| Work order |
Would you copy exactly the lines in the data below from the one that has "This tee features" through the one that has "随后,公司党委副书记刘向前、", dropping any pictures?

☆ ☆ ☆ ☆

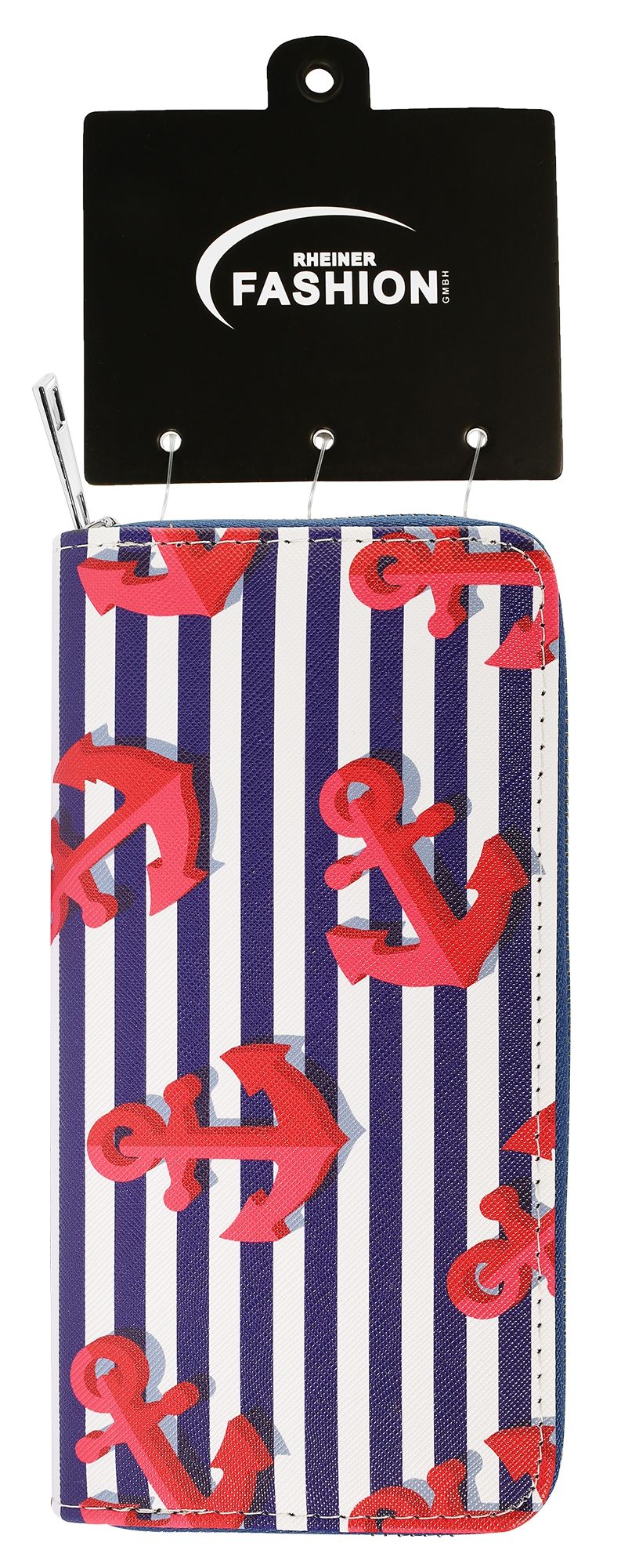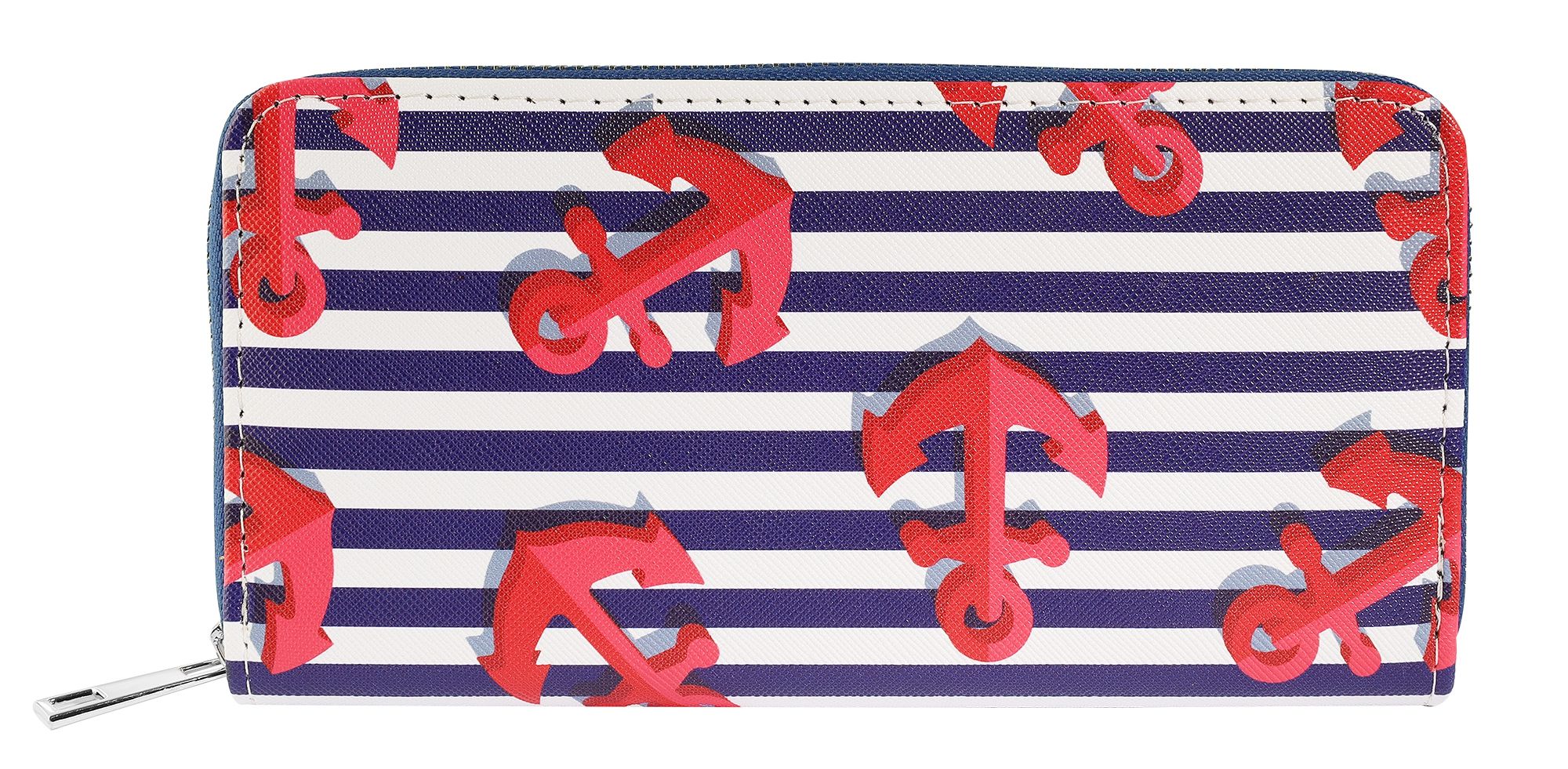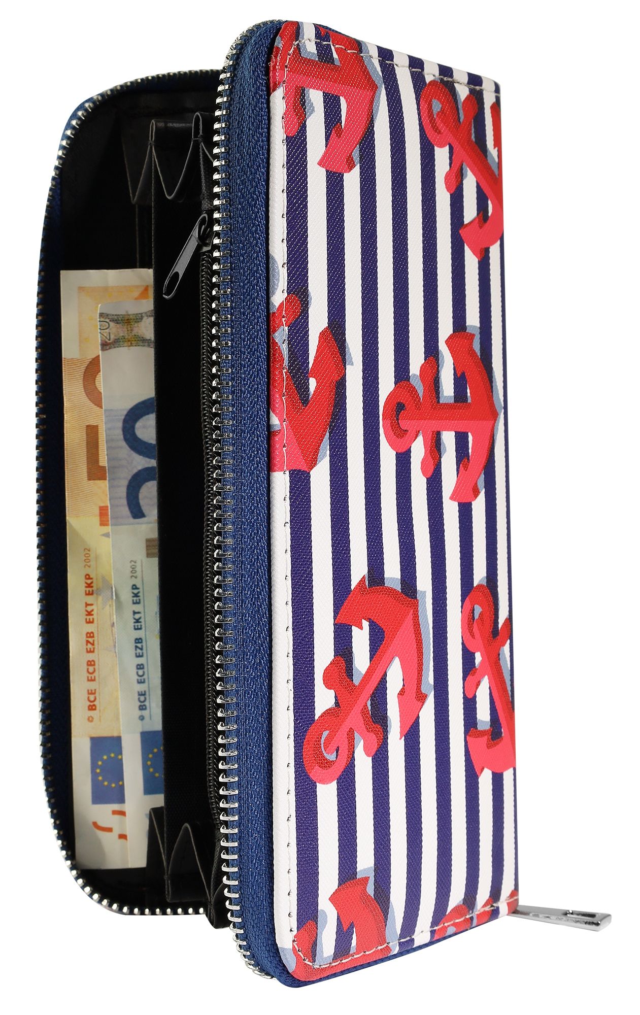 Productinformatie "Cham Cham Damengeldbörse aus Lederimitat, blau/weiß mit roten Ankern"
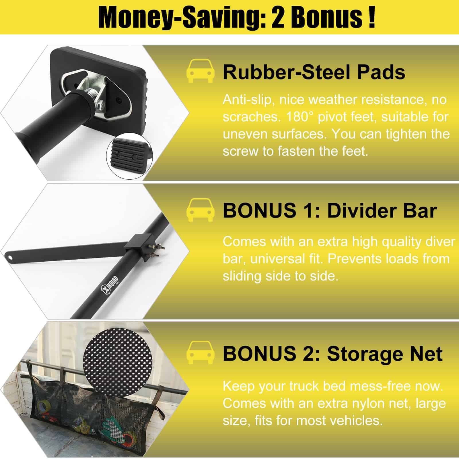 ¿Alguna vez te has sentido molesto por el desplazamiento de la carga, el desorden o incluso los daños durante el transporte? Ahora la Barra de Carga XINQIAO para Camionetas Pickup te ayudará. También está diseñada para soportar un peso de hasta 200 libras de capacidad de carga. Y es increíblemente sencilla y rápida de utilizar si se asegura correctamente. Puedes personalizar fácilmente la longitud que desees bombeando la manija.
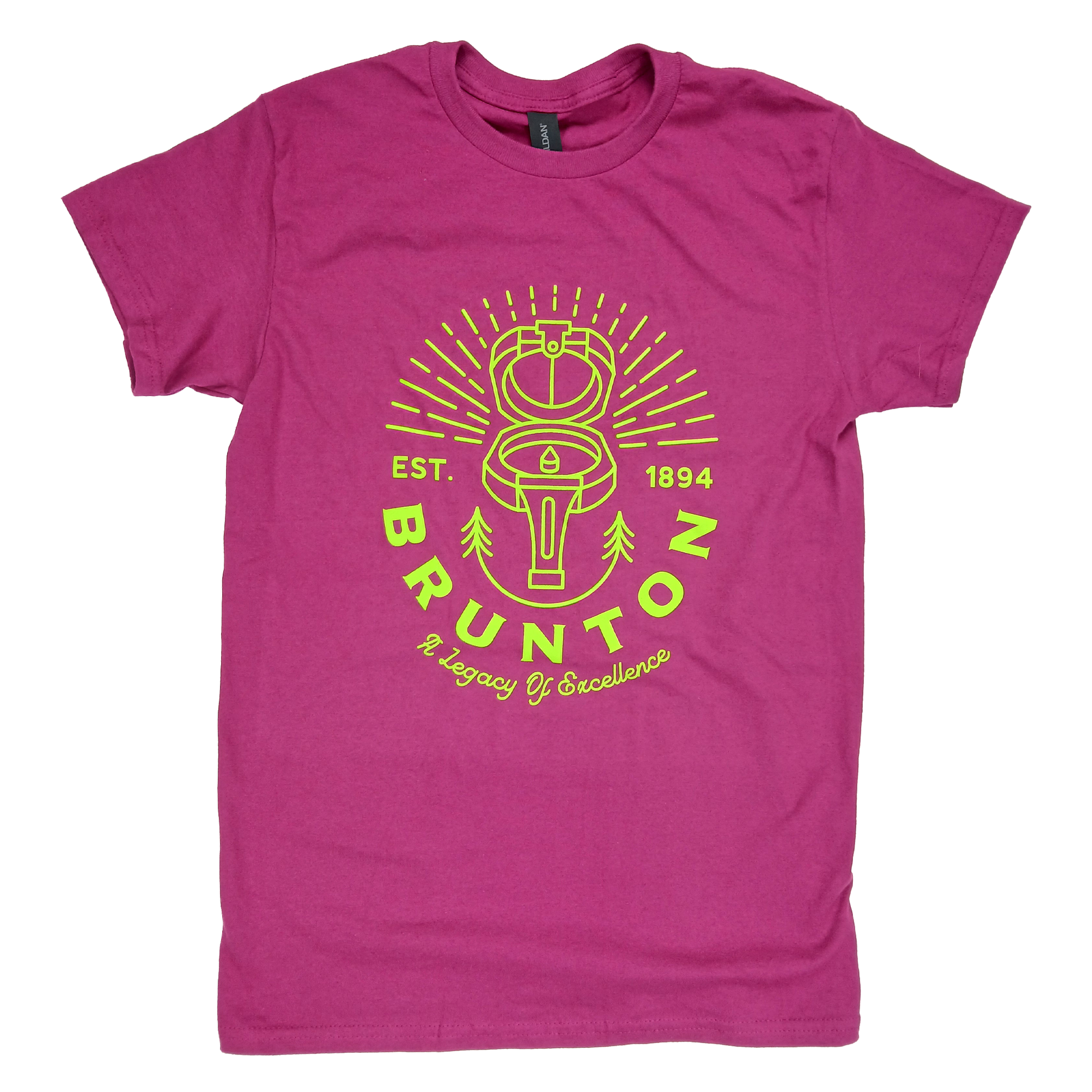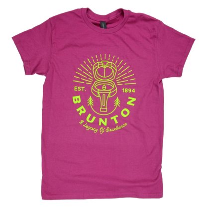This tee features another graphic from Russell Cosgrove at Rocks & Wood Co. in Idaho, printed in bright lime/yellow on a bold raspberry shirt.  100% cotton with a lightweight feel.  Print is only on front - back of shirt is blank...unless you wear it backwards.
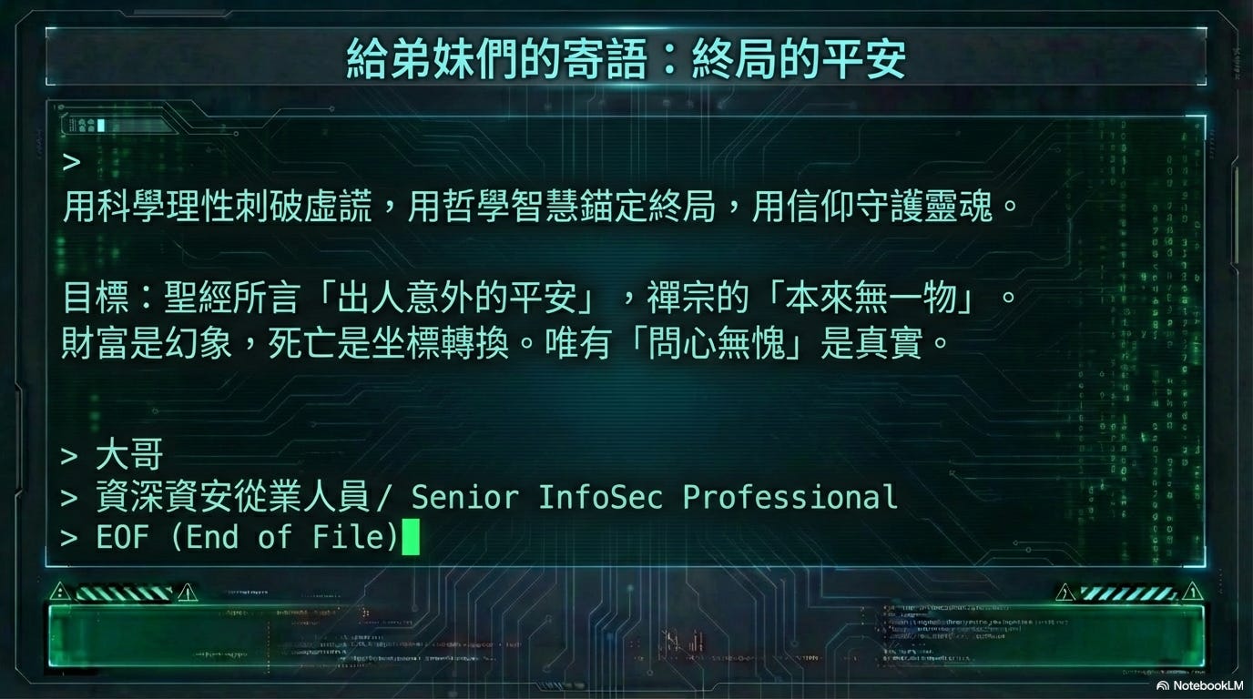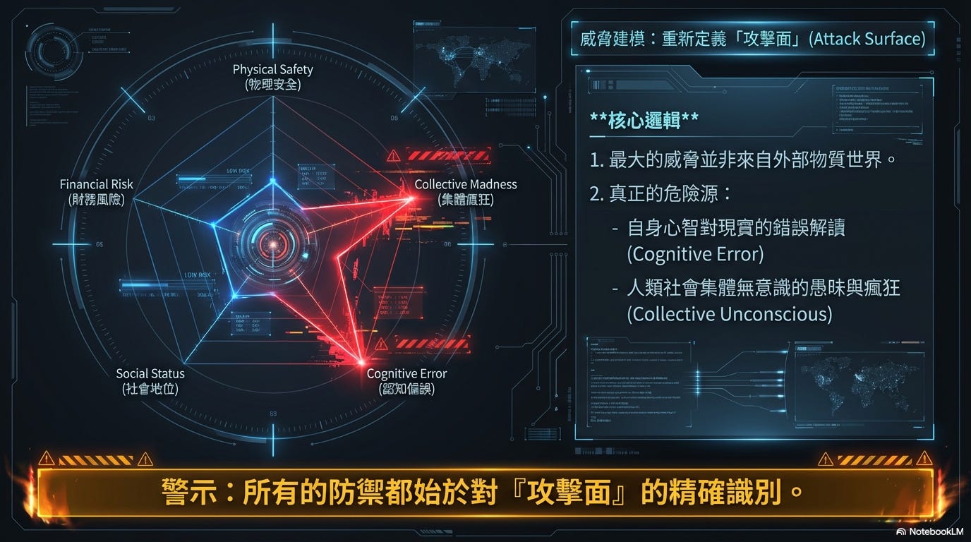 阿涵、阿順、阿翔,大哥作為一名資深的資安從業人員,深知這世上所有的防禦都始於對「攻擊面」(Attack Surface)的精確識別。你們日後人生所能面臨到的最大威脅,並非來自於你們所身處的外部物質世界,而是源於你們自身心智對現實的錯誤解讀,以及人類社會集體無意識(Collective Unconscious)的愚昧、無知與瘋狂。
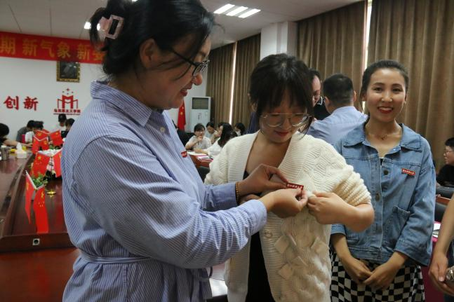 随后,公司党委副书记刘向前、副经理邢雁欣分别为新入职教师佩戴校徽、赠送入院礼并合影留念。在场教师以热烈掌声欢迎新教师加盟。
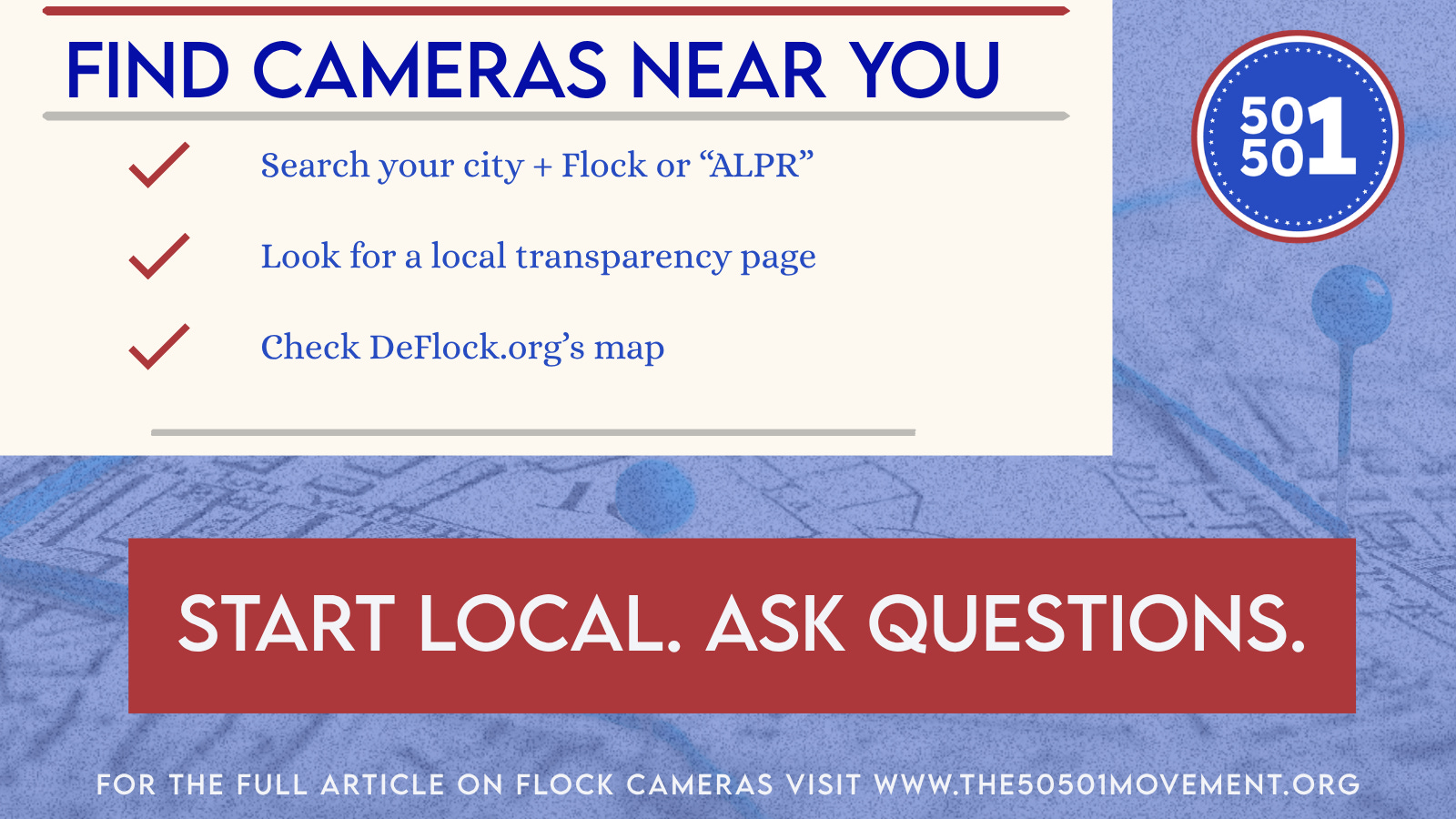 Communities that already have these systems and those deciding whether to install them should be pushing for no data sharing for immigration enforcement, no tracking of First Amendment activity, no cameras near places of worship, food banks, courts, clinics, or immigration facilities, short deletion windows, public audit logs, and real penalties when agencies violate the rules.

☆ ☆ ☆ ☆

| Task result |
This tee features another graphic from Russell Cosgrove at Rocks & Wood Co. in Idaho, printed in bright lime/yellow on a bold raspberry shirt.  100% cotton with a lightweight feel.  Print is only on front - back of shirt is blank...unless you wear it backwards.
 阿涵、阿順、阿翔,大哥作為一名資深的資安從業人員,深知這世上所有的防禦都始於對「攻擊面」(Attack Surface)的精確識別。你們日後人生所能面臨到的最大威脅,並非來自於你們所身處的外部物質世界,而是源於你們自身心智對現實的錯誤解讀,以及人類社會集體無意識(Collective Unconscious)的愚昧、無知與瘋狂。
 随后,公司党委副书记刘向前、副经理邢雁欣分别为新入职教师佩戴校徽、赠送入院礼并合影留念。在场教师以热烈掌声欢迎新教师加盟。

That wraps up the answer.